Please repeat the whole listing exactly, but leave the pictures out.

_Given information:_
>>>>

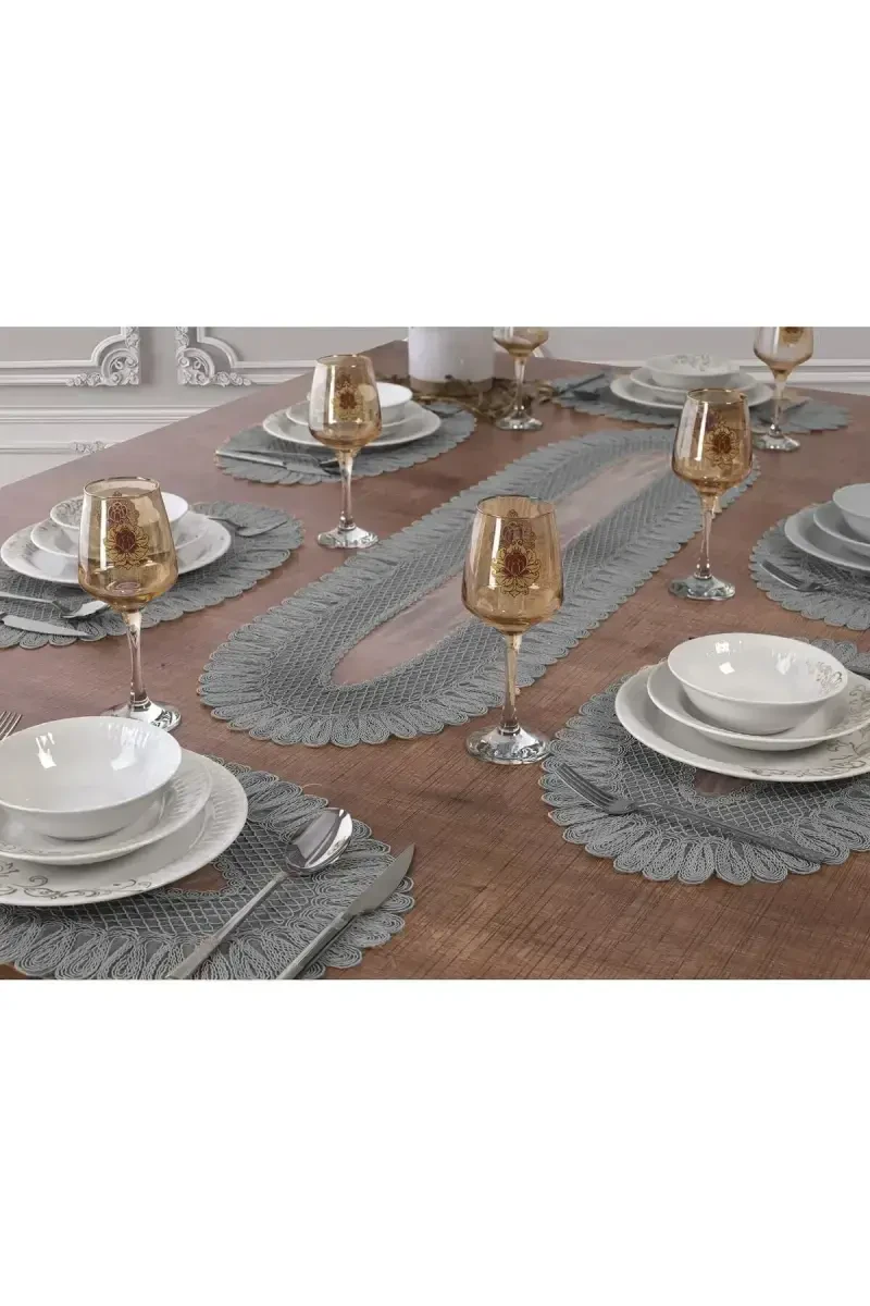 Everything you need for a stylish and elegant table setting! Make your meals more enjoyable with this set consisting of American Service, 1 Runner and 6 Placemats. This set, which will match any tablecloth and decoration with its gray color, will add a modern touch to your table.
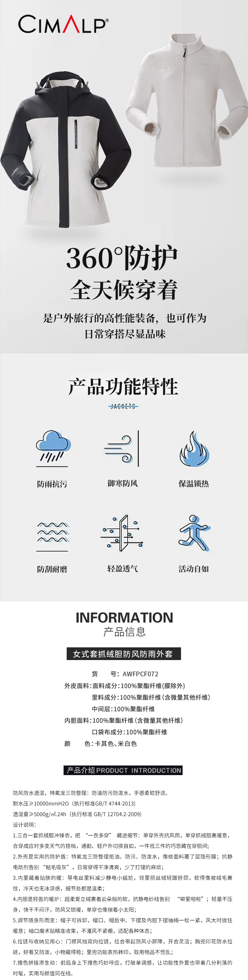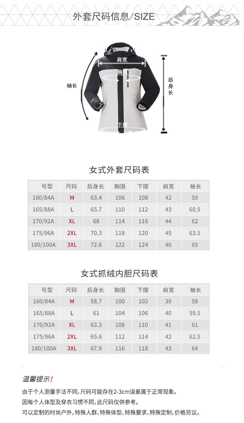 喜玛尔图女式套抓绒胆防风防雨外套冲锋衣AWFPCF072
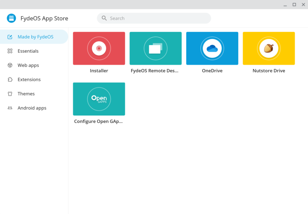 除此之外,FydeOS 还内置了一个应用商店来代替 Google 的 Chrome Web Store 和 Google Play Store,包括他们挑选过的一些经过测试、可在大屏上施展的 Android 应用,值得推荐的 Chrome 浏览器拓展、主题以及相关的网络应用,以及出自 FydeOS 团队的 OneDirve/坚果云应用供用户挂载云存储。这个应用商店对于发烧友来说似乎有些多余(当然逛逛并不会失去什么),对于普通用户来说绝对是进入系统后首先会打开的对象,算是撞入小众系统后的安心落地。这个应用商店也并非唯一选择,依然可以使用 Google 的 Web Store 获取最完整的拓展生态,或使用内置的 Open Gapps 工具打开 Play Store 生态的大门。

<<<<

_The answer:_
 Everything you need for a stylish and elegant table setting! Make your meals more enjoyable with this set consisting of American Service, 1 Runner and 6 Placemats. This set, which will match any tablecloth and decoration with its gray color, will add a modern touch to your table.
 喜玛尔图女式套抓绒胆防风防雨外套冲锋衣AWFPCF072
 除此之外,FydeOS 还内置了一个应用商店来代替 Google 的 Chrome Web Store 和 Google Play Store,包括他们挑选过的一些经过测试、可在大屏上施展的 Android 应用,值得推荐的 Chrome 浏览器拓展、主题以及相关的网络应用,以及出自 FydeOS 团队的 OneDirve/坚果云应用供用户挂载云存储。这个应用商店对于发烧友来说似乎有些多余(当然逛逛并不会失去什么),对于普通用户来说绝对是进入系统后首先会打开的对象,算是撞入小众系统后的安心落地。这个应用商店也并非唯一选择,依然可以使用 Google 的 Web Store 获取最完整的拓展生态,或使用内置的 Open Gapps 工具打开 Play Store 生态的大门。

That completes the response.